Enhanced PCR efficiency of high-fidelity DNA polymerase from Thermococcus waiotapuensis

• We created mutant Twa H633R DNA polymerase using site-directed mutagenesis.
• Twa H633R mutant showed an improved processivity compared to wild-type.
• Twa H633R mutant showed an improved extension rate compared to wild-type.
• Twa H633R mutant showed an improved PCR efficiency without the loss of fidelity.

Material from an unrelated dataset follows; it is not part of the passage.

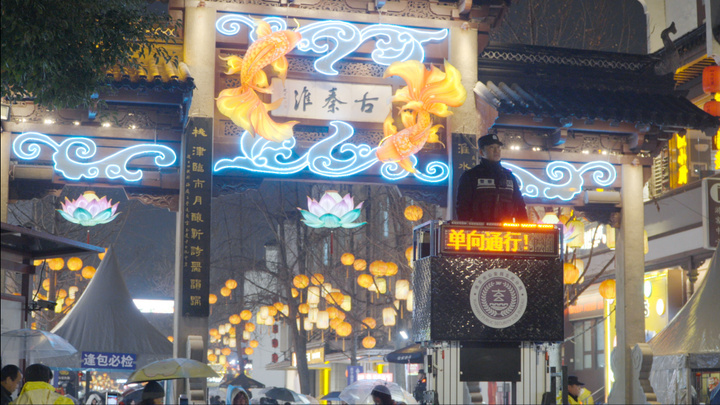 万盏灯火点亮上元夜,警“影”灯“影”相互交织,成为秦淮灯会中一道亮丽的风景线。

Twa DNA polymerase from hyperthermophilic archaeon Thermococcus waiotapuensis has exceedingly high fidelity among family B DNA polymerases. However, Twa DNA polymerase has significant shortcomings in terms of a low extension rate and poor processivity. To resolve these weaknesses, we focused on two amino acid residues (N565 and H633) in the palm and thumb subdomains of the Twa DNA polymerase. These two residues were replaced by site-directed mutagenesis and the enzymatic properties of the mutants were analyzed. Here, Twa H633R DNA polymerase showed significantly improved polymerase function compared to wild-type Twa DNA polymerase in terms of processivity (2-fold), extension rate (1.5-fold) and PCR efficiency. Kinetic analysis using DNA as a template revealed that the kcat value of the Twa H633R mutant was similar to that of wild-type, but the Km of the Twa H633R mutant was about 1.6-fold lower than that of the wild-type. These results showed that the Arg residue substitution at H633 located in the thumb subdomain has a positive effect on processivity, extension rate and PCR efficiency, suggesting that the Twa H633R mutant allows a conformational change for easy access of the primer-template to the binding site of the polymerase domain.